Professor Ze'ev Sternhell, who was wounded
after unknown persons detonated a pipe bomb at his front door on Thursday, was released from the hospital on Friday afternoon. He was confirmed to be in good condition.
"I did not feel I was being followed or that my house was being watched, and I did not feel any unusual movement," he told reporters in his backyard.
Strenhell said he does not blame the settlers, who he claims do not like him. He noted, however, that he is aware of the fact he is a "red rag to settlements."
For dozens of years I have been claiming that the settlements are a historical disaster, he said, and they may make the State binational, and "this would be the end of the State of Israel."
According to the professor, he did not receive any threat calls. "My wife got two such phone calls several months ago, but there have been no threats against me in recent years. A few years ago there were some threats following an article I wrote. At the time the police briefed me on the matter, but I just laughed it off."
Not interested in security. Prof. Sternhell in his backyard (Photo: Gil Yohanan)
As for the timing of the incident, Sternhell said, "I don't know why what happened, happened now. I never ceased to write and voice my views on the media."
Asked about the lessons he has drawn from the attack and the need to take precaution, the professor replied, "From the moment I returned home, my life is back on track, as it was until now. There will no change whatsoever. I'll continue locking the doors, not because what happened but due to the multiple burglaries in the area, and I'll continue to preach and voice my views as I have done till now."

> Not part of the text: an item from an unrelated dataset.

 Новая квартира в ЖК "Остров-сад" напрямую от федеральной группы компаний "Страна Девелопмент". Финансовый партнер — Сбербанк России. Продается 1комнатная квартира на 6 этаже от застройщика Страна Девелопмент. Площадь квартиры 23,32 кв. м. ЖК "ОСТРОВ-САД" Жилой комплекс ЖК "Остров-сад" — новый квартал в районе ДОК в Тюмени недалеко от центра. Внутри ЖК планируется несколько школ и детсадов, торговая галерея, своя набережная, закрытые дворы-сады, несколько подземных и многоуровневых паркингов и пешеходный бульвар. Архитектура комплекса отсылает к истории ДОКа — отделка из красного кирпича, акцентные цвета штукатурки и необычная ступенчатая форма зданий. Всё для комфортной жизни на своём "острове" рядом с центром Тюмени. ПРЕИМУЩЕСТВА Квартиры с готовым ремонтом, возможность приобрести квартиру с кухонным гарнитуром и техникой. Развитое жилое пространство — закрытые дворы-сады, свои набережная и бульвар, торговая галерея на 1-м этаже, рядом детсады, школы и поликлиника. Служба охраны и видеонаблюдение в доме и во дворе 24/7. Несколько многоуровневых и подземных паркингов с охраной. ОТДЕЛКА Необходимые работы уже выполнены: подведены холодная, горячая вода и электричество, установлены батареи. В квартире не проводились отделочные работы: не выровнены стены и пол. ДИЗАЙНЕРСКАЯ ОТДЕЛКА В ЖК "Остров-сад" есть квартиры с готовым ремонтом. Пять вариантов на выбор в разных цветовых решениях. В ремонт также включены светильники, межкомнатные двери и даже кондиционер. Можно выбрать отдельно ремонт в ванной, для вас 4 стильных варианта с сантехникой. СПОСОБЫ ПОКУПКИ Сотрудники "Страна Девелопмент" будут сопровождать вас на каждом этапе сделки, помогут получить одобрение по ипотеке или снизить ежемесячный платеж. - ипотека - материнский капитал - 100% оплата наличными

Prof. Sternhell said he didn’t know who carried out the attack, saying it could be a lone lunatic or a new or old organization.
"One thing is clear: (former Prime Minister Yitzhak) Rabin's murder was much more severe than what happened to me. But we have reached a reality in which it is okay to use violence against those who don't share the other side's opinions."

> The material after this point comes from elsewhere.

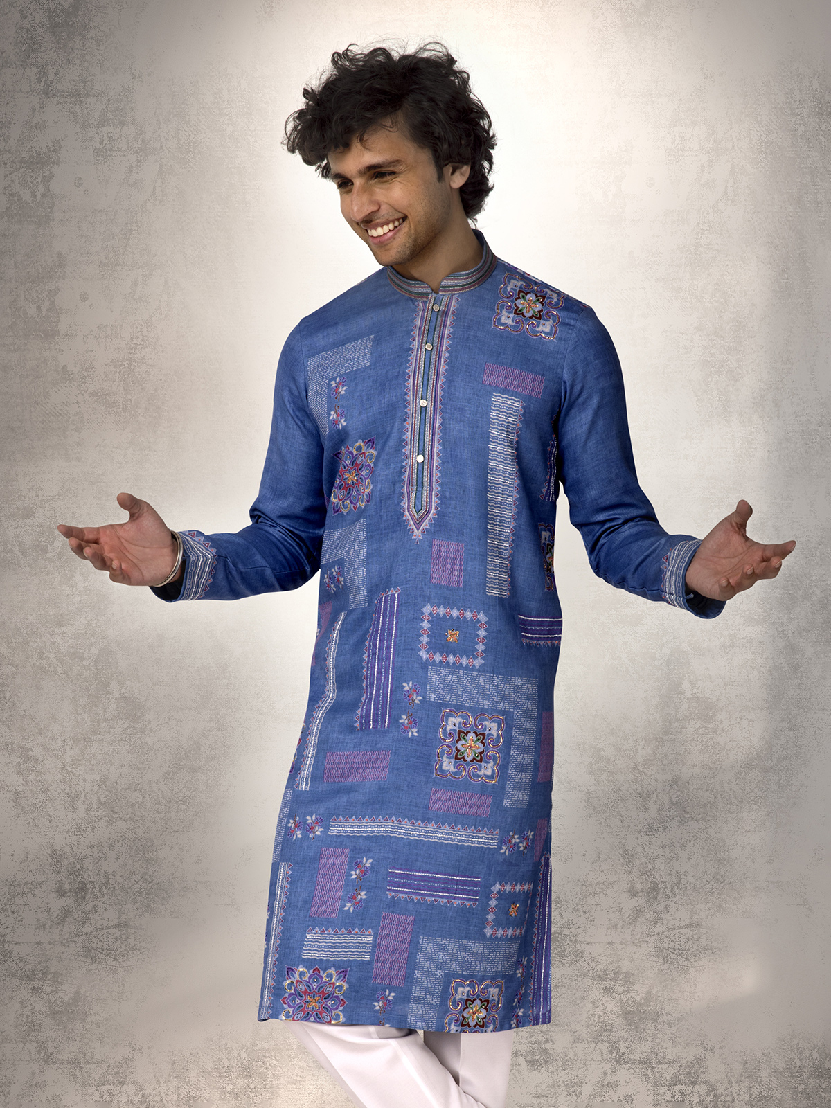 Rendered in painted blue linen cotton, this kurta suit shines with resham and sequins embellishment. The mandarin collar enhances its regal contour, paired with pants for a polished finish. Ideal for festive occasions, weddings, or cultural events.

He added that he had felt people did learn a lesson following the Rabin murder, but that reality had apparently proved him wrong.

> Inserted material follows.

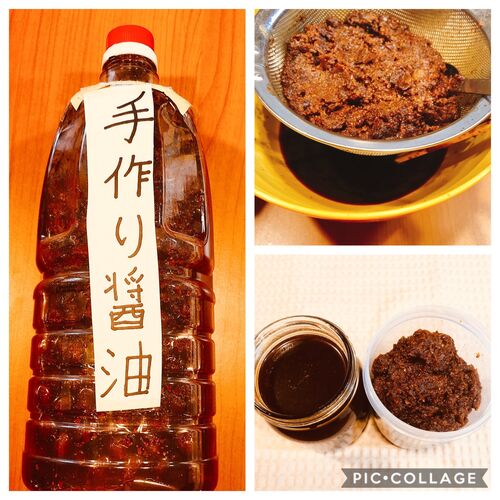 『手作りしょうゆ完成!!』 道ノ尾のkuriyaさんでの醤油教室で、息子と昨年2月に仕込んだ醤油がついに完成しました~!! というか、とっくに完成していたけど放置・・・ やっと濾して、醤油と諸味に分けました~(^^; 諸味、大活躍です!! カットしたキュ…

"Things are getting worse, particularly because of the violence in the territories directed against Palestinians. This cannot be separated from the violence directed at Jews who support them."
Following the attack on Sternhell, police assigned Peace Now Secretary-General Yariv Oppenheimer with security detail. Asked whether he also sought security on his home, the professor said Friday, "I am not interested in close-quarters protection, because if a simple citizen cannot voice his opinions, we are nearing the end of democracy.
"I regret the fact that (former Supreme Court President) Aharon Barak was assigned with a security guard. A judge should not be walking around with a bodyguard. This is a disgrace and means that we can no longer protect the democratic order."
Sternhell's wife, Ziva, said that the couple's life routine would not change. "We're not afraid," she noted. "Even in the night, after the explosion, we went back to sleep there. We're feeling okay, he is in good condition, but this entire affair is extremely serious."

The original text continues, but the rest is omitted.